To Thomas Jefferson from Samuel Miller, 11 August 1800
From Samuel Miller
New York August 11 1800.
Sir,
I recieved, more than two months ago, the copy of the “Appendix to the Notes on Virginia,” which you were so good as to send me. For this instance of attention, I beg you to accept my thanks. The perusal of this pamphlet has given me more than ordinary satisfaction. I was gratified to find the authenticity of so celebrated a morsel of savage eloquence, so fully established; & not less to see an opponent who had manifested so much insolence and brutality in his mode of warfare, completely vanquished. By this manner of treating the subject, you have given much pleasure & exultation to your friends in this part of the United States.—
I am not certain whether you have had an opportunity to see any copies of a periodical work, published in this city, under the title of the “Monthly Magazine & American Review.” The principal conductor is a friend of mine, a young Gentleman of considerable talents & learning, some of whose productions, of the novel kind, I believe you have seen. How far you may consider this work as worthy of your attention & countenance, I am unable to decide. To me it seems the most respectable thing of the kind, which, within the compass of my memory, has been set on foot in this country. It is to be lamented that the small degree of taste for literature existing in this new world, and the scattered state of our population, render the support of American periodical works, so difficult, & for the most part so short-lived.—
I have the honor to be, Sir, with much respect, Your humble servant,
Saml: Miller.
RC (DLC); endorsed by TJ as received 21 August and so recorded in SJL.
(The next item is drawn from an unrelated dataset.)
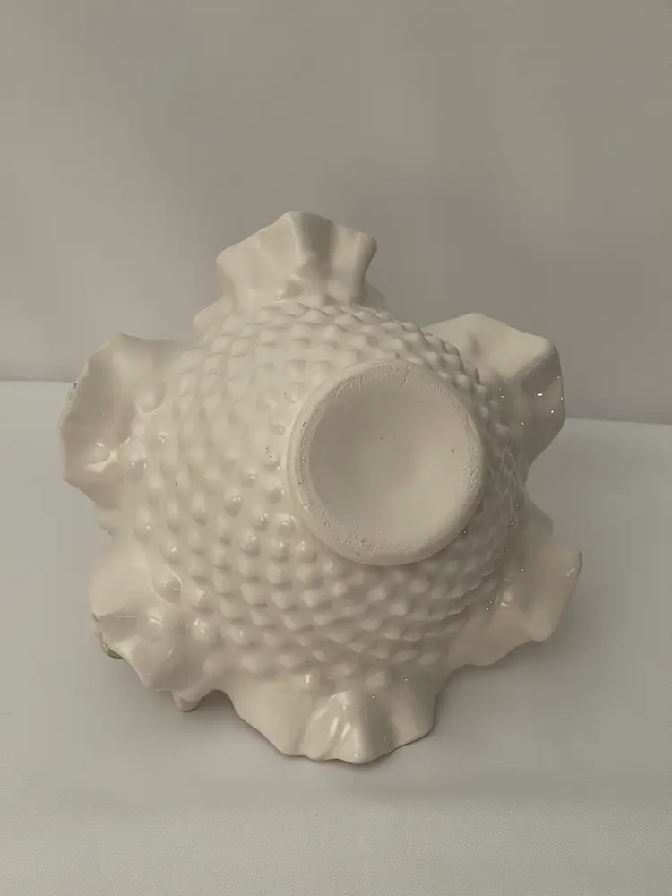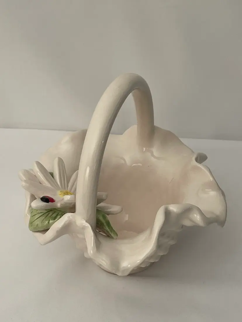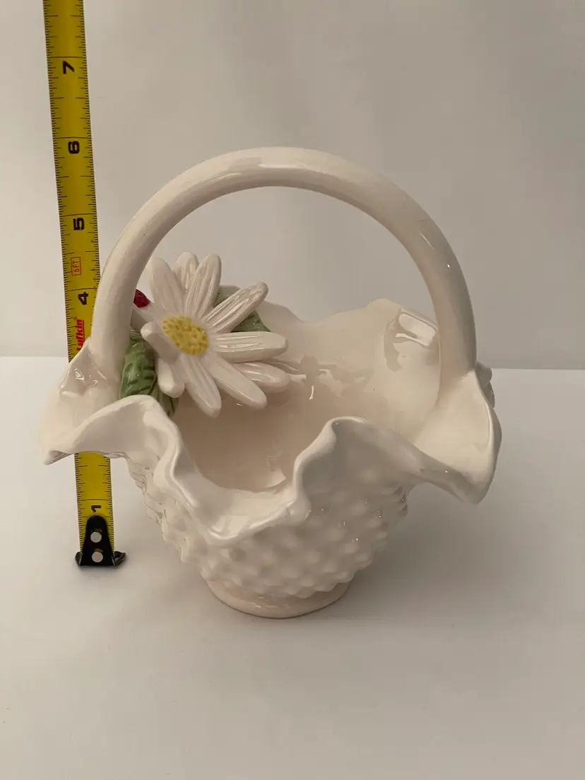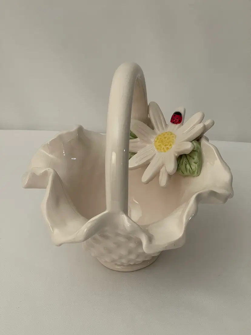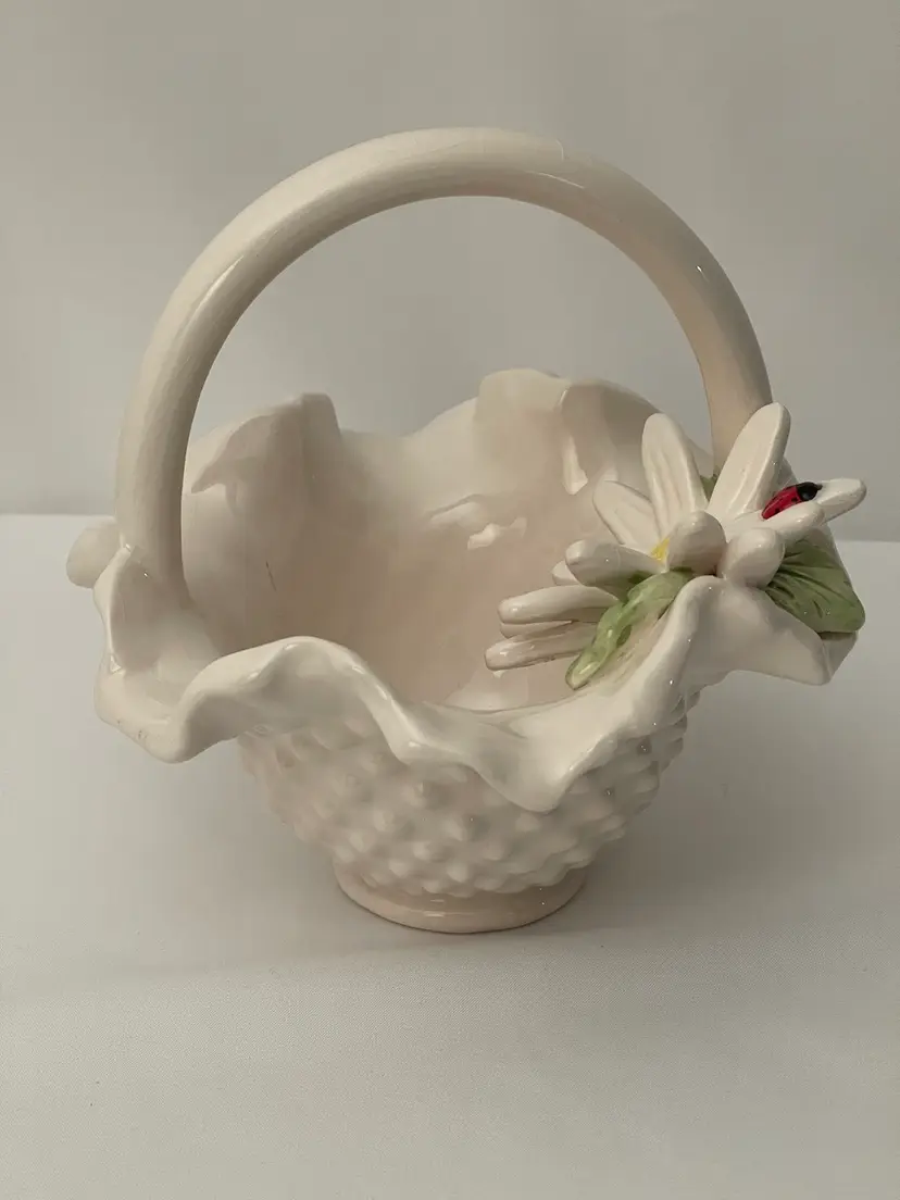 White Hobnail Ruffled Ceramic Vase with White Flower and Ladybug Basket. No chips
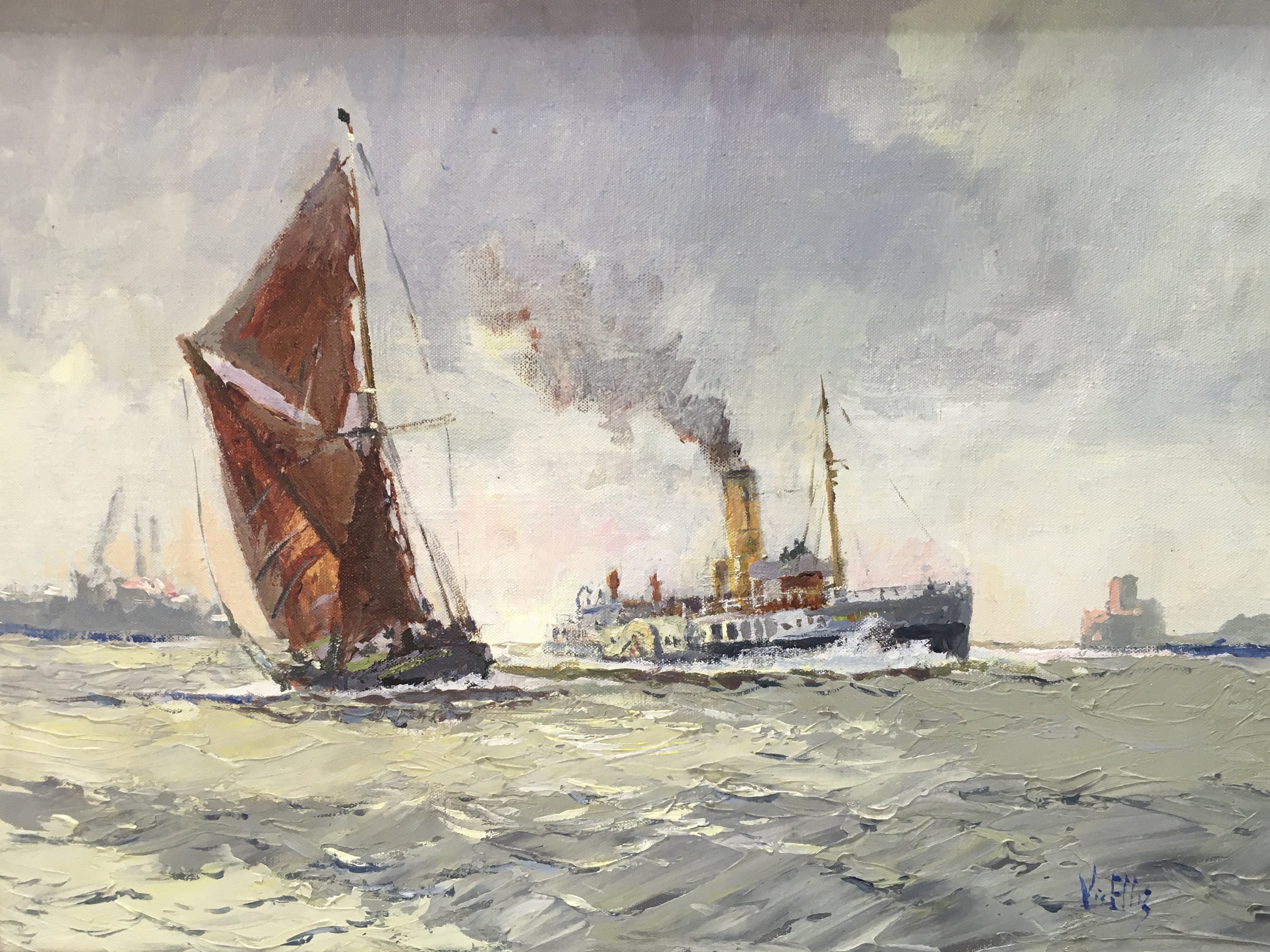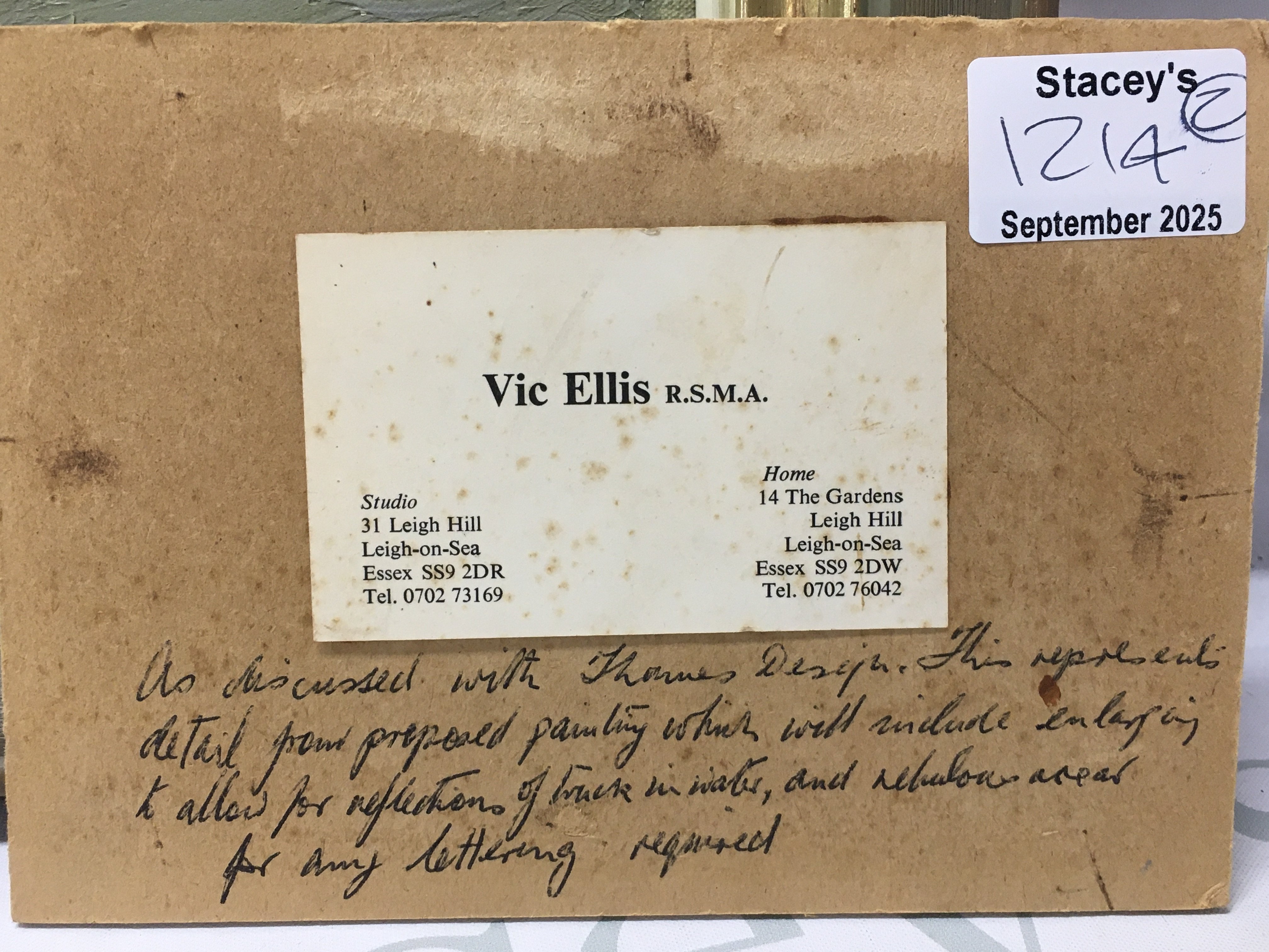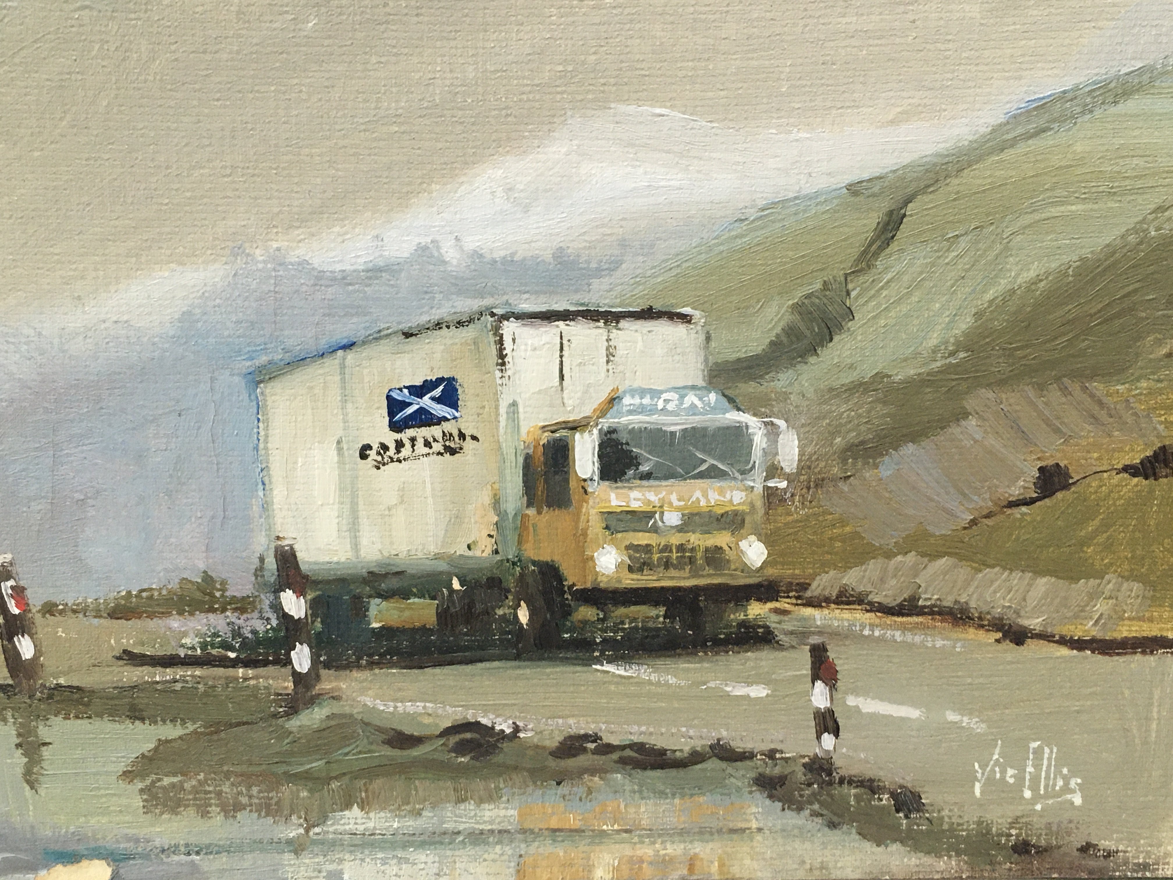 A framed Vic Ellis oil on canvas painting (frame dimensions 48x38cm approximately) and a small unframed Vic Ellis painting of a Leyland Scottish lorry (18x13cm). This lot cannot be posted

Charles Brockden Brown was the young gentleman of considerable talents and learning whom Samuel Miller brought to TJ’s attention. Brown boarded with Samuel Miller and his brother Edward, a physician in New York. The Millers and Brown also belonged to the Friendly Club, a literary society that prided itself on “unshackled intellectual intercourse” and that sponsored the founding of the Monthly Magazine and American Review, Brown’s first magazine venture. The final issue of the magazine appeared in December 1800 although its popular review section continued under a different title. Samuel Miller praised the magazine to many of his contemporaries including Jedidiah Morse to whom he recommended the journal as “useful to the United States” and its editor as “a gentleman of undoubted learning and taste” (Walter H. Eitner, “Samuel Miller’s Nation ‘Lately Become Literary’: The Brief Retrospect in Brockden Brown’s Monthly Magazine,” Early American Literature 13 [1978], 213–16; Bryan Elliott Waterman, “The Friendly Club of New York City: Industries of Knowledge in the Early Republic” [Ph.D. diss., Boston University, 2000]; 9, 11, 16; Vol. 31:276n).